| What the task asks |
Some of the lines below need repeating. Reproduce exactly those between the lines holding "A comparison between" and "border or borderless.", inclusive.

| Information supplied |
*** Begin section ***
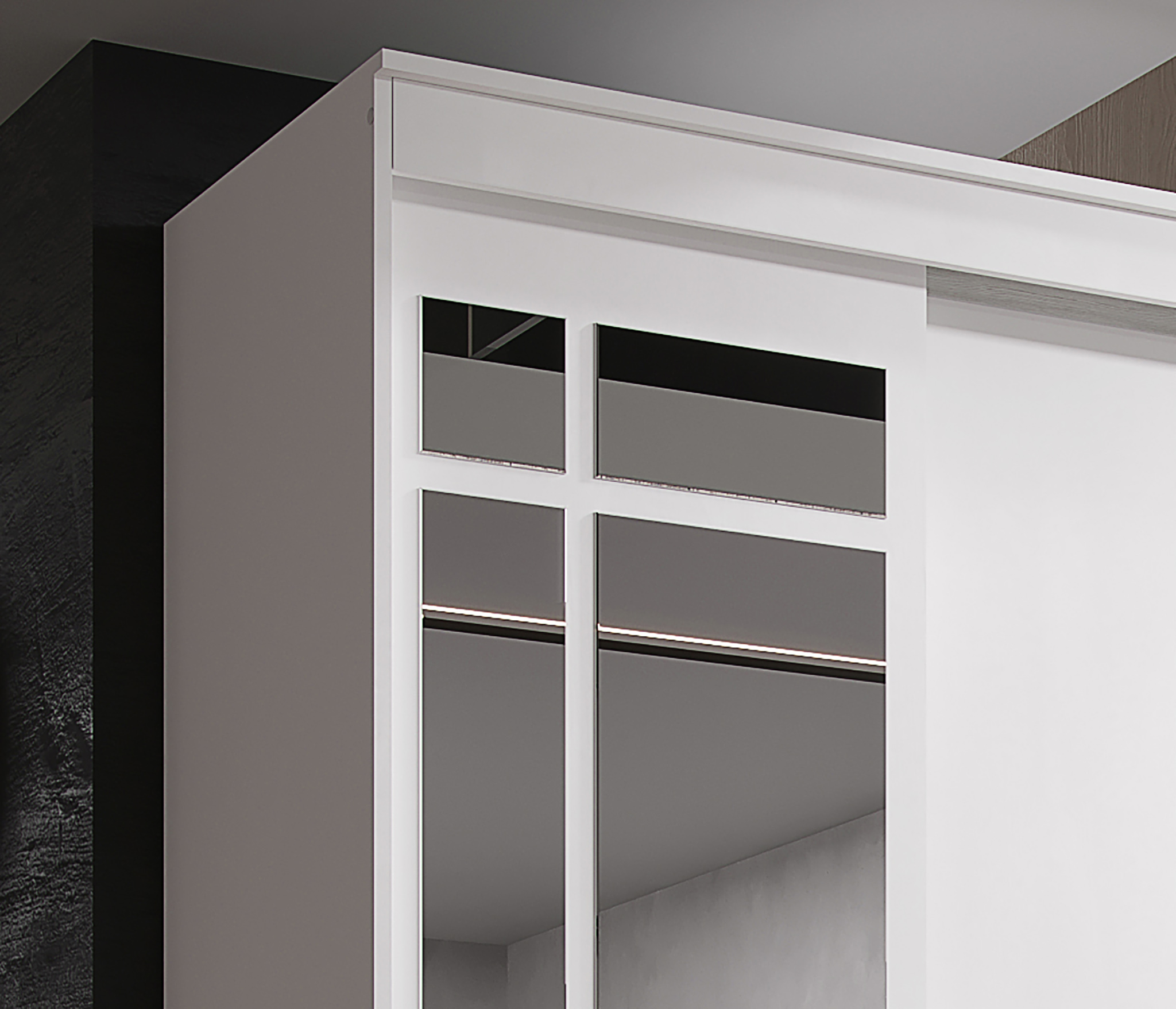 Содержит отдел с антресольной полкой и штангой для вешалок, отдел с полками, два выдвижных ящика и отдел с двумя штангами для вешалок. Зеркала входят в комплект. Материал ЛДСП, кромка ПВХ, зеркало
*** End section ***
*** Begin section ***
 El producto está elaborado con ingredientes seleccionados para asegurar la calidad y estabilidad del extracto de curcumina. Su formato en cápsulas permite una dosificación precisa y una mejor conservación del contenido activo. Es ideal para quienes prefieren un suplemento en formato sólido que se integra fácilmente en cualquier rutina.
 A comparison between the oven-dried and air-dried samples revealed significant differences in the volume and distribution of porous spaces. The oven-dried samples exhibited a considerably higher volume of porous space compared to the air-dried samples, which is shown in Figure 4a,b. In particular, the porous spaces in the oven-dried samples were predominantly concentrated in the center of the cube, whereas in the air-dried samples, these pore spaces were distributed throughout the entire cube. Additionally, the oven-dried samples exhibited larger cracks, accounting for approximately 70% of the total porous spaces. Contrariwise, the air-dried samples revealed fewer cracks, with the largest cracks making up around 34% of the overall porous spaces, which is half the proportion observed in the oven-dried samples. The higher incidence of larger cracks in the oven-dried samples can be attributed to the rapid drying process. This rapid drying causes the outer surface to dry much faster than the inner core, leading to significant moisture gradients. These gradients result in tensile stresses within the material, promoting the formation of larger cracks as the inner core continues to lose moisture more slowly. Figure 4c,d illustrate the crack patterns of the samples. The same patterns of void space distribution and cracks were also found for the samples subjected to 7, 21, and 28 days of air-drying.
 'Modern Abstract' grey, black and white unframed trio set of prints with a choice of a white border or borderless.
*** End section ***
| Written response |
 A comparison between the oven-dried and air-dried samples revealed significant differences in the volume and distribution of porous spaces. The oven-dried samples exhibited a considerably higher volume of porous space compared to the air-dried samples, which is shown in Figure 4a,b. In particular, the porous spaces in the oven-dried samples were predominantly concentrated in the center of the cube, whereas in the air-dried samples, these pore spaces were distributed throughout the entire cube. Additionally, the oven-dried samples exhibited larger cracks, accounting for approximately 70% of the total porous spaces. Contrariwise, the air-dried samples revealed fewer cracks, with the largest cracks making up around 34% of the overall porous spaces, which is half the proportion observed in the oven-dried samples. The higher incidence of larger cracks in the oven-dried samples can be attributed to the rapid drying process. This rapid drying causes the outer surface to dry much faster than the inner core, leading to significant moisture gradients. These gradients result in tensile stresses within the material, promoting the formation of larger cracks as the inner core continues to lose moisture more slowly. Figure 4c,d illustrate the crack patterns of the samples. The same patterns of void space distribution and cracks were also found for the samples subjected to 7, 21, and 28 days of air-drying.
 'Modern Abstract' grey, black and white unframed trio set of prints with a choice of a white border or borderless.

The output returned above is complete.